In 2009, the OECD declared Lund the winning city in a bidding war to host the European Spallation Source, ESS. The city’s proximity to top science research institutes and relatively easy accessibility to other parts of Europe contributed most greatly to the win, but the “cream on top,” as ESS Communications Officer Marianne Ekdahl describes it, was the goal to make the facility carbon neutral, and to save money doing so.

“Saving money is what policy makers are most concerned about,” said Ekdahl. “But the scientists too…because the more money we save the more money we have to do science.”

Perhaps the most ambitious part of ESS’s carbon neutral plan will be to build enough new renewable energy sources, most likely wind turbines, to meet 100 percent of its electricity needs. The site of the future facility, where construction is set to begin in 2013, is a stretch of grassy farmland, spotted nearby with wind turbines. Parker says scientists have called it the facility “that makes neutrons out of wind.”

Even after incorporating the cost of building and maintaining a wind farm, ESS will save roughly eight million Euros a year from not relying on traditional electricity sources. The facility can expect an additional four million Euros in direct income from their plan to recycle their heat waste. Rather than dissipate the waste via cooling towers, as is common at most large facilities in the US, ESS will feed the heat into Lund’s district heating system. The energy savings from not using cooling towers, combined with efficiency gains in the accelerator design, will give ESS another 3 million Euros in energy savings a year, or a total savings of about 15 million Euros a year.

“So it is a useful revenue stream for us, but not something to boast about on Wall Street,” said Parker. But more than income, the renewable energy source will stabilize the cost of energy over the facility’s lifetime. If the price of non-renewable electricity goes up, the facility doesn’t have to worry that their operating budget will increase.

Parker and Ekdahl say the new plan has stirred up conversation in the physics community and gathered attention from other facilities. Parker even puts forth the prediction that, “this is how big science facilities will be designed in the future.”

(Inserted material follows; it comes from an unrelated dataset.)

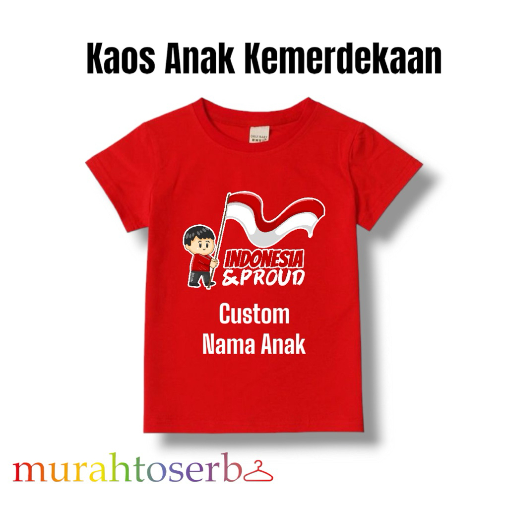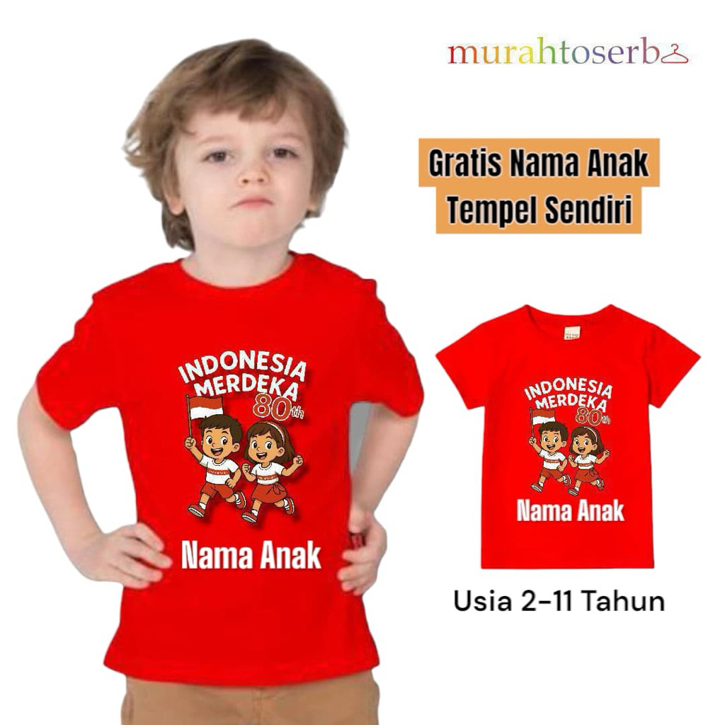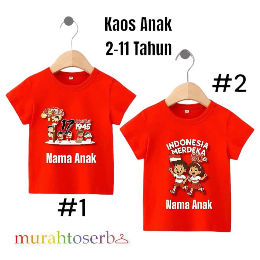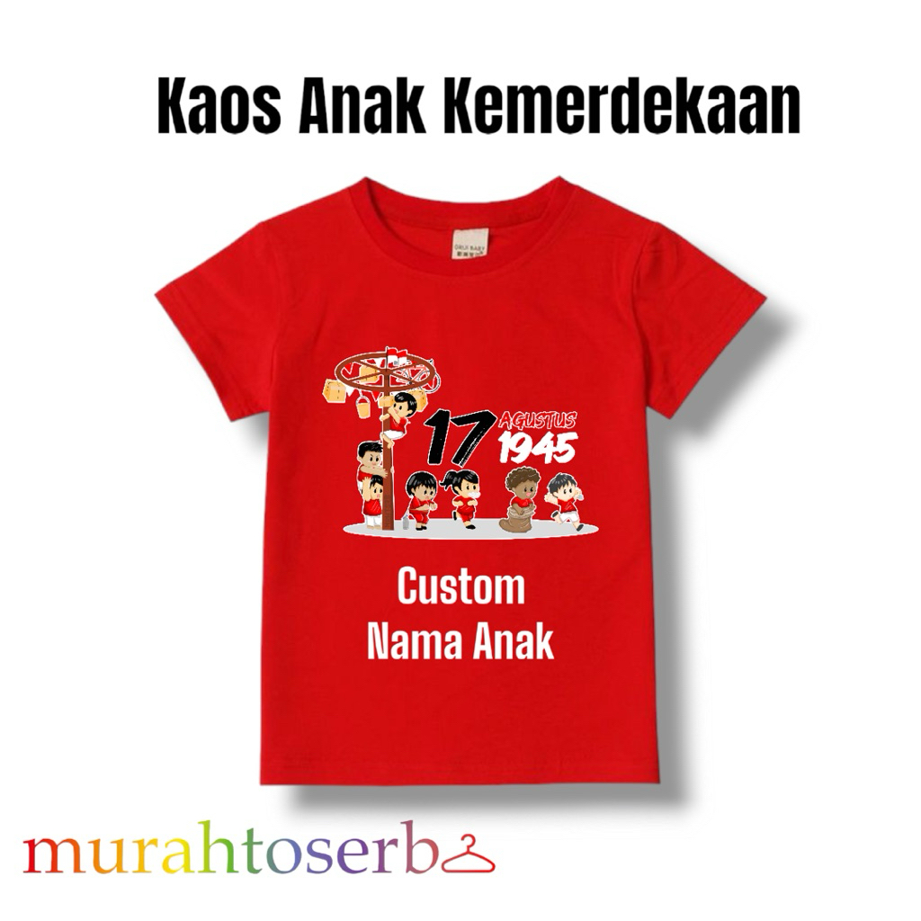 Free Nama Anak - Kaos Anak Hari Kemerdekaan 17 Agustus 1945 Lengan Pendek Untuk Usia 2-11 Tahun Warna Merah

But much of ESS’s energy plan is made possible by its location. Only a few cities in the United States utilize a district heating system like Lund, not to mention that in the United States, large science facilities tend to be located far away from large cities. Not all locations are ideal for renewable sources like wind or solar, and even ESS will have to take into account the inconsistency of some renewable sources, like wind farms. America also doesn’t have the kind of voucher system used in Europe, or quite as large an infrastructure for renewable energy sources. Kevin Jones, director of Oak Ridge’s Accelerator Research Division, says it is limitations like these, not a lack of desire, that has limited United States facilities in energy-saving approaches similar to Lund.  

“If any accelerator facility in the United States could find the right balance between its geographical location and its ability to draw on renewable, predictable sources of energy,” said Jones, “I think the management teams would jump at that opportunity.”  

Most of the ESS’s energy plans concern policy and management decisions, but improvements to the efficiency of these large machines and facilities is something accelerator physicists have been working on for decades. One of the techniques ESS used to reduce its annual energy bill was adopting superconductivity in some areas. Superconductivity trades the cost of heat lost through resistance in traditional magnets for the much lower cost of cooling the liquid helium needed to keep superconducting magnets at 2 Kelvin.

At ESS’s Green Energy for Sustainable Science conference, which Parker says is open to all areas of science, attendees will have a chance to discuss the changing demands on large science facilities to conserve more energy and be environmentally conscious. The conference will also discuss goals to lower energy consumption by big science facilities, new techniques to improve efficiency, and how laboratories can implement the technologies and approaches already available.